The UPDATE statement is necessary to propagate our new knowledge: While before our best knowledge was the the employee would belong to the committee “forever”, now we know that that will only be true until 2020-05-01.

In this case our transaction-time timestamps do not need to be adjusted: As far as we know, each fact recorded still reflects our best knowledge at the time. For certain bi-temporal modifications, such as corrections of past facts, the tx_applicable_up_to for previous facts does need to be adjusted.

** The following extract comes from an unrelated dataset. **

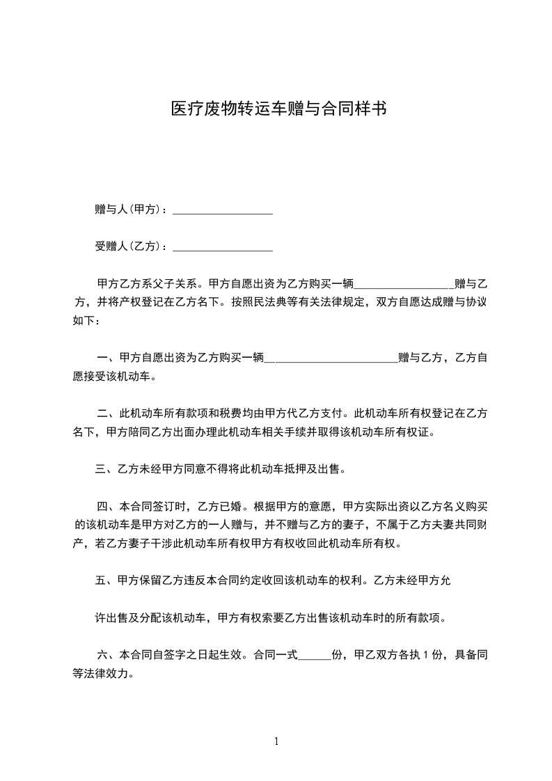 第一条甲方将其所有的__________________牌汽车一辆(车牌号:________________________)无偿赠送给乙方,乙方同意接受赠与。

Refer to Snodgrass for a full discussion.

With our new fact in place we can query for membership at different times:

--- What is the committee membership as of 2020-04-25, to the best of our knowledge
--- On this date we already "know" about the resignation, but it's not yet a valid fact.
SELECT
    employee_id,
    committee_id
FROM
    committee_membership
WHERE
    valid_from <= '2020-04-25'
    AND '2020-04-25' < valid_up_to
    AND tx_applicable_from <= NOW()
    AND NOW() < tx_applicable_up_to
--  employee_id | committee_id
-- -------------+--------------
--            2 |          500
--            1 |          600
--            1 |          500
-- (3 rows)
--
-- Time: 3.426 ms


--- What is the committee membership as of 2020-05-02, to the best of our knowledge
--- On this date the resignation is valid.
SELECT
    employee_id,
    committee_id
FROM
    committee_membership
WHERE
    valid_from <= '2020-05-02'
    AND '2020-05-02' < valid_up_to
    AND tx_applicable_from <= NOW()
    AND NOW() < tx_applicable_up_to
--  employee_id | committee_id
-- -------------+--------------
--            2 |          500
--            1 |          600
-- (2 rows)
--
-- Time: 0.942 ms

Note that the “deletion” is reflected in the last query.

Conclusion

Non-temporal deletions are modeled in bi-temporal data with insertions, preserving the full history, auditing capabilities and richness associated with bi-temporal data.